** Work to complete **
From the line containing "массивная деревянная состаренная" to the final line of the entries, copy each line exactly. Pictures stay out.

Start of Input records

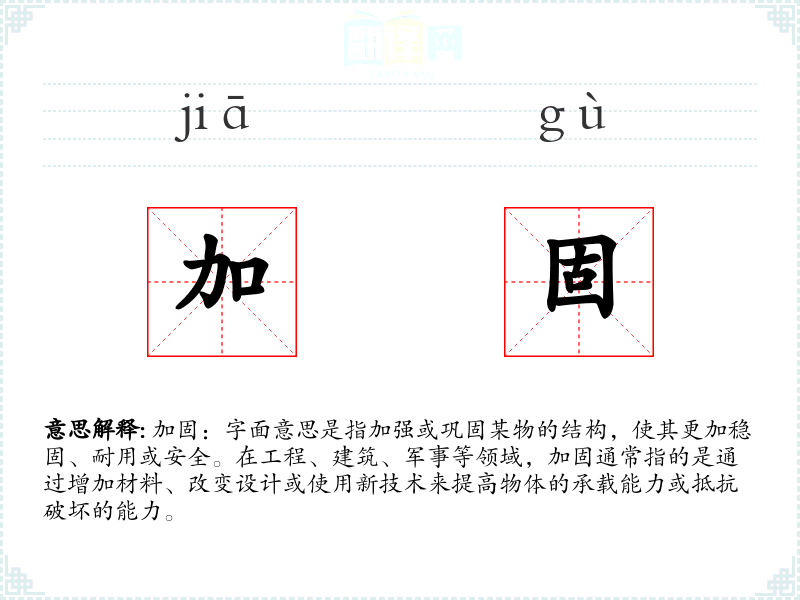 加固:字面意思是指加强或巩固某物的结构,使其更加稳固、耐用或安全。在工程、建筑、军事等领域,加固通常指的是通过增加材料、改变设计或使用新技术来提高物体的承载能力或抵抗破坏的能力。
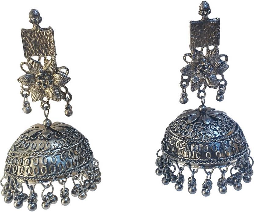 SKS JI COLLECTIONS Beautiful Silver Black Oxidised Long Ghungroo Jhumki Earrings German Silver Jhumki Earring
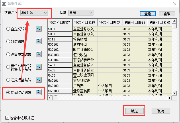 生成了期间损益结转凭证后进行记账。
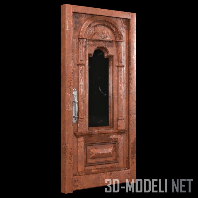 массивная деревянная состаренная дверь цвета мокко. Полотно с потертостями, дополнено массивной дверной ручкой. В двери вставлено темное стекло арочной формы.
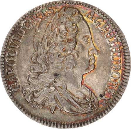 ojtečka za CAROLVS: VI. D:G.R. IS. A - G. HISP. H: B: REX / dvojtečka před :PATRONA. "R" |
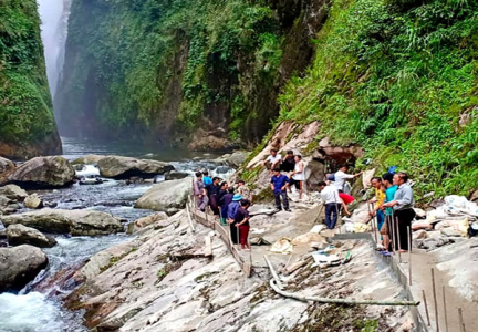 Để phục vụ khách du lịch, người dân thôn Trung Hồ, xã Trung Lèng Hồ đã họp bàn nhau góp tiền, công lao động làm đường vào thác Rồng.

End of Input records

** Task output **
 массивная деревянная состаренная дверь цвета мокко. Полотно с потертостями, дополнено массивной дверной ручкой. В двери вставлено темное стекло арочной формы.
 ojtečka za CAROLVS: VI. D:G.R. IS. A - G. HISP. H: B: REX / dvojtečka před :PATRONA. "R" |
 Để phục vụ khách du lịch, người dân thôn Trung Hồ, xã Trung Lèng Hồ đã họp bàn nhau góp tiền, công lao động làm đường vào thác Rồng.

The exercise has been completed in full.